Last week I shared stories from women dating widowers who had to figure out how to make a relationship when minor children (his, hers, both) were involved.  This week we’ll hear from widowers from two widowers who both had minor children living at home when they started dating again. The first is a widowed blogger. The second will go by the name “Jack.”

Again, when it comes to commenting on these posts from others, keep in mind that each family and child is different. What works for one family/child may not work for yours. The purpose here is to share ideas—not tear down what’s working for someone else. Feel free to share your own thoughts or ask questions of these widowers.

Enjoy.

***

From Split-Second Single Father

Here's how I have handled dating since becoming a widower. I am the father of a seven-year-old girl, who was five the first time I dated someone after her mother died. I am currently in my second relationship. Both times, I have handled things as follows:

I made sure to tell my daughter about the first date prior to the date itself. We sat down and discussed it (over ice cream) as something that was going to happen once and if things went well, maybe a second and third and fourth time. This approach has also helped when she jumps immediately to the "Aah! You're going to marry her!" phase, which it is clearly too soon to determine at this point. (Although I am quick to tell her that it COULD be a possibility someday or I wouldn't be dating her in the first place!)

So far the relationships I've been in have lasted past the first date, so I make sure to keep the lines of communication open. I want to make sure that my daughter knows her opinions/feelings are important to me, while at the same time knowing that she will not be the ultimate decision-maker in the relationship. I believe that having this kind of communication will help if/when there comes a point when I do decide to marry again. (Ironically, I try to keep this kind of open communication with whomever I'm dating as well, which makes that relationship go a lot better also!)

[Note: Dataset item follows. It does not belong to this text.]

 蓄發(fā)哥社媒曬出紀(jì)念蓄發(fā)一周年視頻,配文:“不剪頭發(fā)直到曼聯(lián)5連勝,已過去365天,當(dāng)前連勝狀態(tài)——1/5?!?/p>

I'm as firm a believer in protecting my daughter as I am enjoying those first few moments of getting to know someone new, so I don't involve my daughter in the relationship early on (but I do talk to each about the other, as appropriate). And even then, I ease her in. It's important to build the foundation for the relationship between the two of you, and that's hard to do with kids around. Plus, it protects the child/ren from getting hurt time and again if Dad has a string of disappointing relationships. The time-frame has been different for each relationship, but I'd say waiting at least a month is a good rule of thumb.

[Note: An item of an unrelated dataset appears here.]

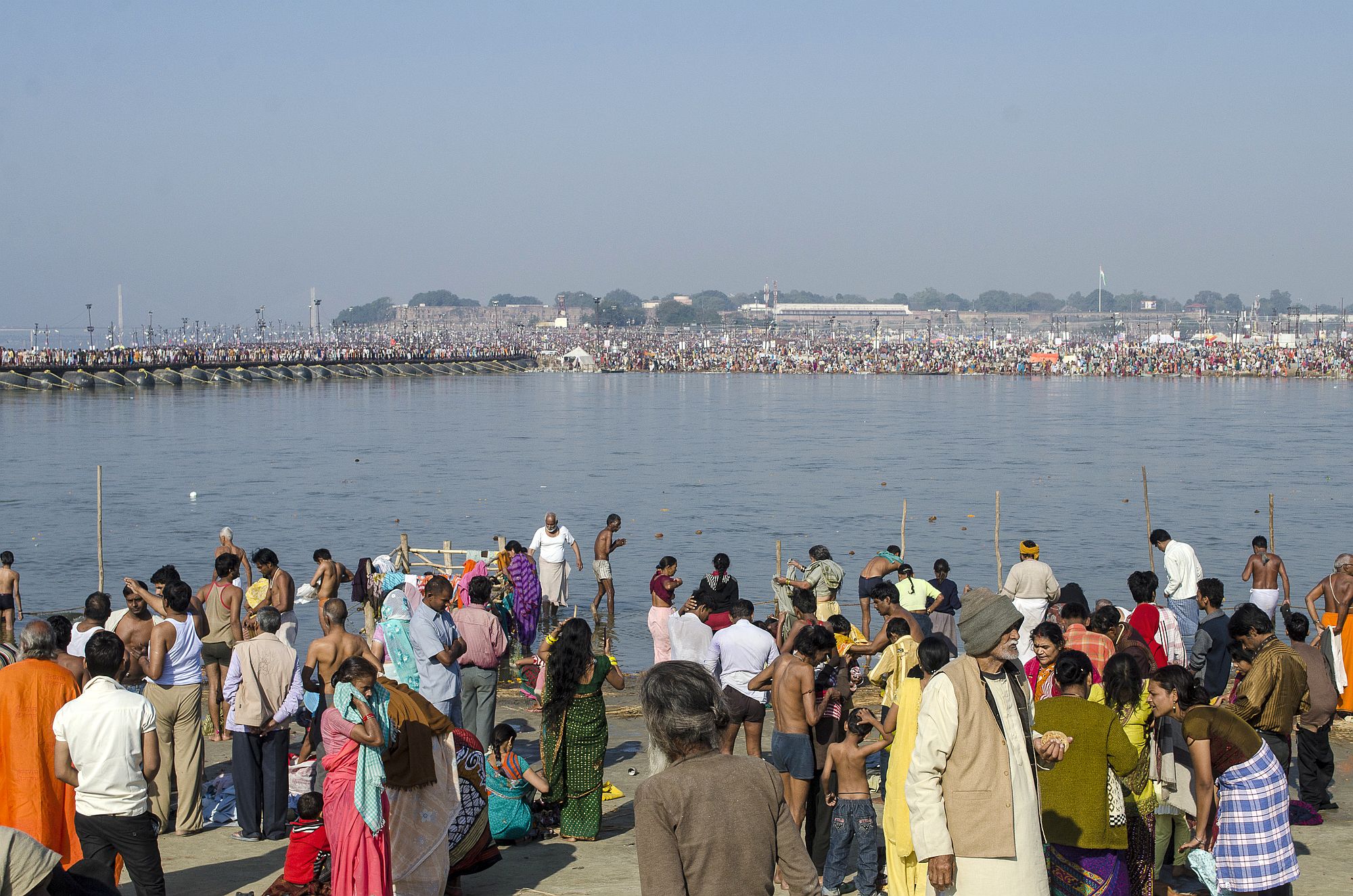 Das Haupthighlight für die meisten Pilger während einer Prayag Kumbh Mela ist das Beobachten eines heiligen Bades am Sangam. Das Baden in einem der heiligen Flüsse soll bereits eine tief reinigende Wirkung haben, doch wenn sich die drei Flüsse treffen, wird die Reinigung um das Hundertfache und während des Kumbh Mela sogar um das Tausendfache verstärkt. Neben den heiligen Bädern umfasst das Kumbh Mela zudem aufwändige religiösen Zeremonien, Gesänge, Rituale und Vorträge von spirituellen Führern.

In saying that, it becomes clear that time spent with the new woman will be minimal at first. That's another thing the two of you (grown-ups, not the child/ren) need to discuss. The first woman I dated worked all the time and was also a single parent, so we only had one night a week we could go out.

The woman I am currently dating does neither of those things, but has been fully committed to taking things slowly. Which is why I make every effort to make the time we do spend together about her/us. After all, it IS a new relationship. There's no reason she should feel second-rate because I have a child. Supplementing those other days with phone calls, texts, and/or e-mails helps too. Just make sure not to spend so much time focusing on her that your child/ren feel replaced - especially at first. (For instance I usually call my girlfriend after my daughter is in bed for the night, which also makes for uninterrupted phone time!)

The rules regarding how my daughter treats the woman do not differ from how I would expect her to treat any other adult. She will show respect both to her and about her, even if she is expressing negative opinions (to me - which has happened and really can be done respectfully.)

One thing that has surprised me this time around is how quickly my daughter has started to bond with my girlfriend. It makes me glad that I waited long enough to establish that foundation in our relationship, but it's also a bit hard. I mean, she's been ALL MINE for over four years and now I have to SHARE her! (If things continue to go this well, I'm sure I can adjust). Just be aware that your widower might be experiencing that feeling for the first time as well.

***

From “Jack”

My first venture out into dating just seven months after LW's death quickly became not 'just dating'.  I found myself with one woman (the first one I dated after LW passing)  in a very romantic relationship. It was because we had known one another many years before.  But also, I think, it happened as it did because I was filling that void left by LW's death.   I was not out with a plant to use a woman to fill that void and I honestly think if I had not known this woman before earlier in my life, the relationship would not have fast-forwarded as it did.

At the time I had two minor sons still with me in the home, ages 12 and 16.  I made the mistake of pushing forward with this relationship and spent probably too many weekends away from my boys as she lived several hours away.  As the relationship progressed to marriage engagement, I made plans to move to her city after the oldest son graduated from high school where I lived.  My plan, which did not take my younger son's needs into consideration, was to marry this woman and then young son and I would move to her home and the son would do high school in the new city.  A wonderful plan for me.  A selfish one though.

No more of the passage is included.